Marty Sertich always felt at home at Colorado College. Now, the 2005 Hobey Baker Memorial Award winner feels an even stronger sense of community with his fellow Tigers.

For the first time, the hockey program has about a dozen former Tigers returning to campus this summer to use the El Pomar Sports Center, reunite with teammates and meet current players.

"It's a win-win," said CC assistant Joe Bonnett who helped start the effort with athletic director Ken Ralph. "Guys get to come back, check out their old campus and use the new facilities to prepare for the coming season. It's been great to see all the guys. Some guys have not been back since they played here."

Some of the players who came through town recently, working out for a week up to a month or just visiting friends and family, include Arthur Bidwill, David Civitarese, Nick Dineen, Tim Hall, Curtis McElhinney and Matt Zaba.
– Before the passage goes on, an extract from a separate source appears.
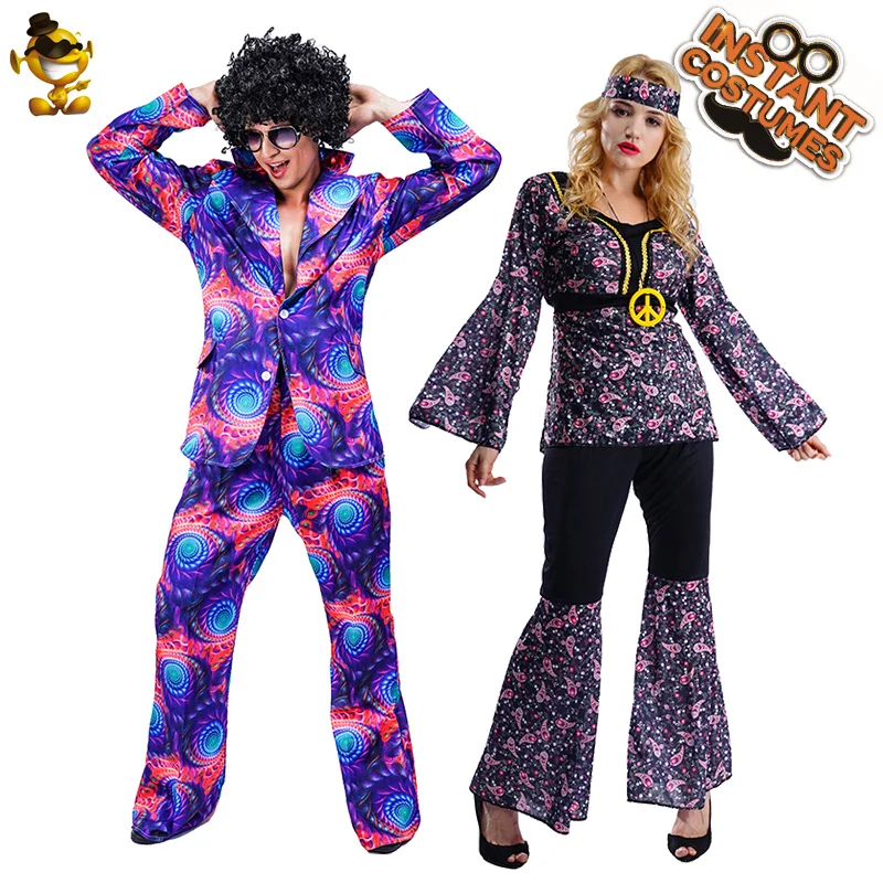 Ретро-костюмы в стиле 60-х и 70-х годов, женская и Мужская одежда для дискотеки, костюмы для Хэллоуина и пар для взрослых

Jaden Schwartz is expected in August while Mark Stuart is also a possibility, Bonnett added. As alumni, access to the facility, which includes a new shooting room, a larger, renovated weight room and ice time at Honnen arena, is free, coach Scott Owens said.

The offering also lets the Tigers taking summer school courses meet some of the men in the photos on the team meeting room wall.
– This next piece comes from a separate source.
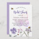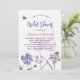 Um fundo branco. Decorados com abelhas e pintados de flores silvestres em violeta, rosa e uma borboleta grande. Personalize e adicione um nome e detalhes da parte.

"I suppose it has been fun for the younger guys to meet the older ones," said Sertich, who lives in suburban Minneapolis. "It has been fun meeting the younger guys. I always follow the Tigers as best I can, so I know their names."

He is happy to prepare for the upcoming season while visiting nearby aunts, uncles and his grandmother. His 121 career assists are seventh all-time at CC with his 182 points at No. 12. He is the son of former CC great Steve Sertich and grandson of both Hall of Famer Tony Frasca and Mark Sertich, for whom the city rink in Memorial Park is named.
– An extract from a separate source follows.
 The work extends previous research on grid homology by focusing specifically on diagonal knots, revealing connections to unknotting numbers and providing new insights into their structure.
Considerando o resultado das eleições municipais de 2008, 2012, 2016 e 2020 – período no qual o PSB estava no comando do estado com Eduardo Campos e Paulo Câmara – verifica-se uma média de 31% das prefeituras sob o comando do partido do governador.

The EPSC underwent $27 million in renovations and expansion recently.

Sertich, 30, is preparing for a new team after his contract with Olten in Switzerland ended this past spring.

"It was a great three years," he said. "The fans were very passionate. We (he and his wife Becky) enjoyed the adventure."

He hopes for another opportunity either overseas or with the American Hockey League.

"I'm open to anything," he said. "I'm still having fun playing hockey and as long as I stay healthy, I will keep playing. I hope to stay in hockey as a player, coach or something with a youth association. I cannot imagine life without it."